O assunto seria abordado novamente durante a reunião desta quinta-feira da bancada parlamentar na sala do Senado. A liderança da bancada lamentou perante todos os deputados presentes que os três deputados não se tivessem demitido antes dos cargos que desempenham, retirando a dois deles – Rubina Berardo e Paulo Neves – a vice-coordenação nas comissões de Assuntos Europeus e de Negócios Estrangeiros, respetivamente, mas Sara Madruga da Costa é vice-presidente da direção da bancada parlamentar do PSD, cargo do qual não se demitiu e do qual não pode ser exonerada, porque foi eleita pelo grupo parlamentar.

Os deputados foram informados durante a reunião desta quinta-feira que seriam alvo de um processo disciplinar e da perda de pelouros, numa reunião onde houve novamente tensão entre os deputados eleitos pela Madeira e a direção do grupo parlamentar.

Caso não é novo, deputados são

Não é a primeira vez que os deputados do PSD eleitos pelo círculo da Madeira furam o sentido de voto do partido e são alvo de um processo disciplinar. Na votação final global da proposta de Orçamento do Estado para 2015, em novembro de 2014, os deputados votaram contra a proposta do Governo, na altura PSD/CDS-PP, e foram castigados por isso.

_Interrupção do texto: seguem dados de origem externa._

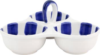 Add the warm allure of the Mediterranean to your table with this ceramic three-bowl serving dish highlighted by Greek-inspired blue dots.
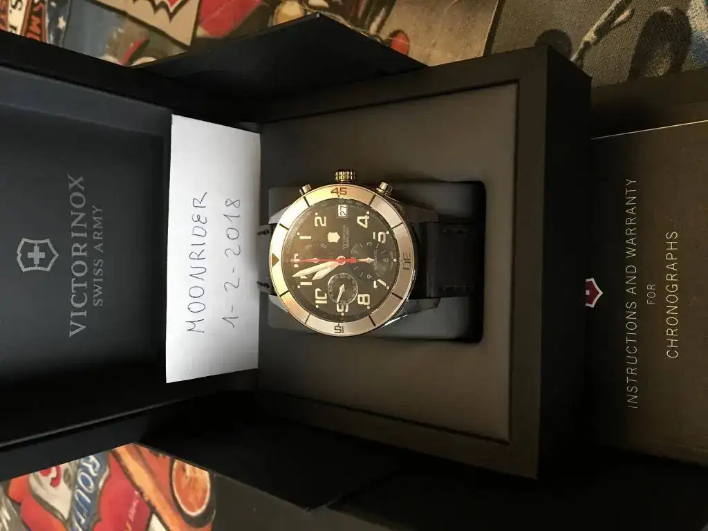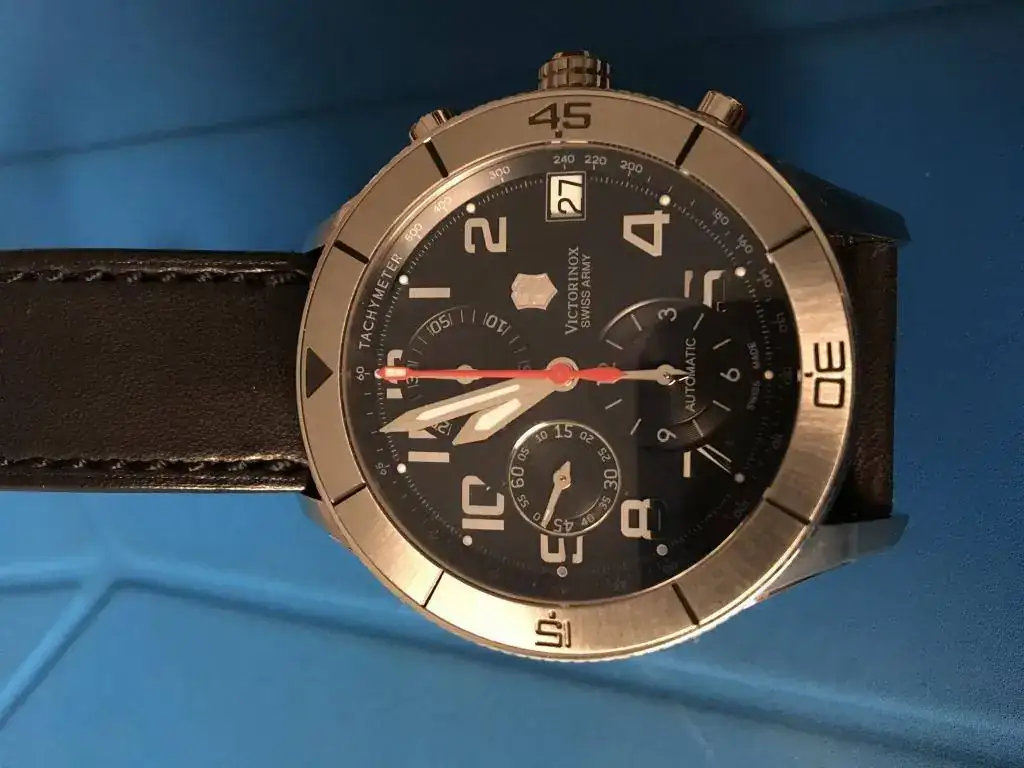 [TD]Pues pongo a la venta este Victorinox Chrono que monta la espectacular Eta Valgrages, calibre derivado del Valjoux 7750, el estado del reloj es perfecto, solo usado un par de dias, el motivo de la venta es que fue otra compra compulsiva y tengo que reducir piezas, el tamaño a pesar de ser 45 mm es contenido porque las asas son cortas y curvan muy bien en la muñeca, la calidad del reloj es soberbia y su correa de cuero es sobria pero muy bien hecha. Poco mas os puedo decir, solo que en principio no estoy abierto a cambios y que el precio esta bastante ajustado con las caracteristicas del reloj, Gracias por vuestra atencion.

No entanto, os deputados eram outros. Hugo Velosa, Guilherme Silva, Francisco Gomes e Correia de Jesus votaram contra, com Guilherme Silva a dizer que o fizeram porque houve uma quebra de compromissos assumidos da parte do Governo. Guilherme Silva recusou também demitir-se da vice-presidência da Assembleia da República.

A liderança na Madeira era também outra, a de Alberto João Jardim, com quem o líder do Partido, Passos Coelho, não tinha uma relação pacífica. Agora na liderança do governo regional da Madeira e do PSD-Madeira está Miguel Albuquerque, adversário de Alberto João Jardim, e os deputados no continente foram também opositores da corrente da Jardim no PSD Madeira, mas o resultado está a ser semelhante.

O processo aos ex-deputados do PSD eleitos pelo círculo da Madeira foi anulado pelo Tribunal Constitucional, ao qual recorreram, devido a questões processuais.

Questionada, fonte parlamentar do PSD disse apenas que o grupo parlamentar “não instaura processos disciplinares a deputados” e que o que dizem os estatutos é que há “uma participação automática à comissão política do partido, sempre que há violação da disciplina de voto.

Paula Teixeira da Cruz também alvo de processo disciplinar

Paula Teixeira da Cruz, ex-ministra da Justiça e atual deputada do PSD, também será alvo de um processo disciplinar por ter votado contra o sentido de voto do partido na proposta da esquerda parlamentar para revogar recentes mudanças na lei da interrupção voluntária da gravidez.

A deputada, em declarações à Lusa, disse na altura da votação que assumia a sua liberdade ao quebrar a disciplina de voto e que iria arcar com as responsabilidades de quebrar o sentido de voto.

Paula Teixeira da Cruz votou a favor dos projetos de lei apresentados por PS, BE, PCP e PEV para revogar as alterações à lei da interrupção voluntária da gravidez (IVG) aprovadas na anterior legislatura por PSD e CDS-PP, divergindo assim do sentido de voto contra estabelecido pela sua bancada.